• Task prompt: Beginning with the first line, return the material verbatim and without pictures.

• Data section:
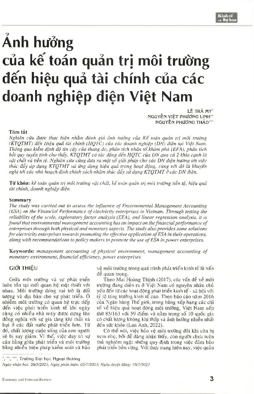 Ảnh hưởng của kế toán quản trị môi trường đến hiệu quả tài chính của các doanh nghiệp, điện Việt Nam
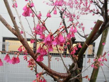 実はフジザクラという木です。マメザクラともいいます。花を下向きにして咲くのが特徴です。
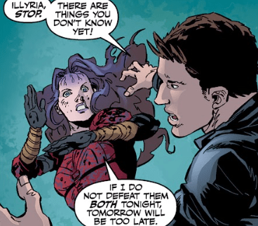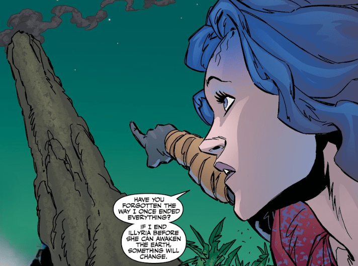 “Have you forgotten the way I once ended everything?” she says. “If I end Illyria before she can awaken the Earth, something will change…”

• Response to this exercise:
 Ảnh hưởng của kế toán quản trị môi trường đến hiệu quả tài chính của các doanh nghiệp, điện Việt Nam
 実はフジザクラという木です。マメザクラともいいます。花を下向きにして咲くのが特徴です。
 “Have you forgotten the way I once ended everything?” she says. “If I end Illyria before she can awaken the Earth, something will change…”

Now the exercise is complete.